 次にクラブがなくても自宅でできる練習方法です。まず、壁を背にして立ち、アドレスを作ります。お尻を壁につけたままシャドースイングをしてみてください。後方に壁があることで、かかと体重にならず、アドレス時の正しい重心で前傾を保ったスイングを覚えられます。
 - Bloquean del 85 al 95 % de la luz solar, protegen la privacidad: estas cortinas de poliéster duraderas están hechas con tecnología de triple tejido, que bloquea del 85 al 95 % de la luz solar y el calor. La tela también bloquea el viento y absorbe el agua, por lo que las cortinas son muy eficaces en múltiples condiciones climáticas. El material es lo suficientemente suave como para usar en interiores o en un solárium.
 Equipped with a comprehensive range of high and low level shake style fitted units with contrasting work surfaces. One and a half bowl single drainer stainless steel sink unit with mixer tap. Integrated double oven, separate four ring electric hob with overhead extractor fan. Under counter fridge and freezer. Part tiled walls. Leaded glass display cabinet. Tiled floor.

********

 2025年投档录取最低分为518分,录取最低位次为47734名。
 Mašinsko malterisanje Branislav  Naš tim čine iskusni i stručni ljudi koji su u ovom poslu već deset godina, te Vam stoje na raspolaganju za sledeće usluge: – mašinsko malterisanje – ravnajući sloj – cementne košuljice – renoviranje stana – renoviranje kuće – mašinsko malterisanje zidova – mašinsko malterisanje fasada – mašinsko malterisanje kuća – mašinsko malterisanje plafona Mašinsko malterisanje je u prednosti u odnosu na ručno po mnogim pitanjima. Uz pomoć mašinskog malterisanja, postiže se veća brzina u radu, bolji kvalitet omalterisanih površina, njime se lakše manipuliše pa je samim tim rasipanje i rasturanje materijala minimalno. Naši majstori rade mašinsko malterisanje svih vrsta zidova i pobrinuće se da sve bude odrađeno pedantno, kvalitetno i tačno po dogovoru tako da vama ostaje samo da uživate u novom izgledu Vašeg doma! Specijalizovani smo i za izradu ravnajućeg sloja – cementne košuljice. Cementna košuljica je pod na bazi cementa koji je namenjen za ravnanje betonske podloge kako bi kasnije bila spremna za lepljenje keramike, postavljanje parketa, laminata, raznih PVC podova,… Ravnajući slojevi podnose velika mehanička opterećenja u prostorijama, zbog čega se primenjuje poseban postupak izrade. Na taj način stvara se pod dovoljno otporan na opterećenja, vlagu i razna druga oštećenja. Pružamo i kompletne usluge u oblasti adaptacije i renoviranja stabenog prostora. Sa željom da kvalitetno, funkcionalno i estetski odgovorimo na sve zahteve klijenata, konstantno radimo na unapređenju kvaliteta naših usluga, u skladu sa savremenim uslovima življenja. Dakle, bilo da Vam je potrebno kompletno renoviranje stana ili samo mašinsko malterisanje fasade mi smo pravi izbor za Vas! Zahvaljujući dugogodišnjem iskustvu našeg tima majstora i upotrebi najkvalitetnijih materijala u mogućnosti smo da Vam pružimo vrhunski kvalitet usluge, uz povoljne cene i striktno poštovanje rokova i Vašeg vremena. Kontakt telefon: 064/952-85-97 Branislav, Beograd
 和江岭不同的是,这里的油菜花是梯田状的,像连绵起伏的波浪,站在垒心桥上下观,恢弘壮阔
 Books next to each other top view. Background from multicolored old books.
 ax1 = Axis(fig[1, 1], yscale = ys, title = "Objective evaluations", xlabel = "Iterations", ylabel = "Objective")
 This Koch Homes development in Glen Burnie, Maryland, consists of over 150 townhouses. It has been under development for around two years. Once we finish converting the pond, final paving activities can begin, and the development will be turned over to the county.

********

About this task:
Retype exactly the lines above, from the one with "和江岭不同的是,这里的油菜花" through the one with "ax1 = Axis(fig[1, 1], yscale", inclusive.

Response to the task:
 和江岭不同的是,这里的油菜花是梯田状的,像连绵起伏的波浪,站在垒心桥上下观,恢弘壮阔
 Books next to each other top view. Background from multicolored old books.
 ax1 = Axis(fig[1, 1], yscale = ys, title = "Objective evaluations", xlabel = "Iterations", ylabel = "Objective")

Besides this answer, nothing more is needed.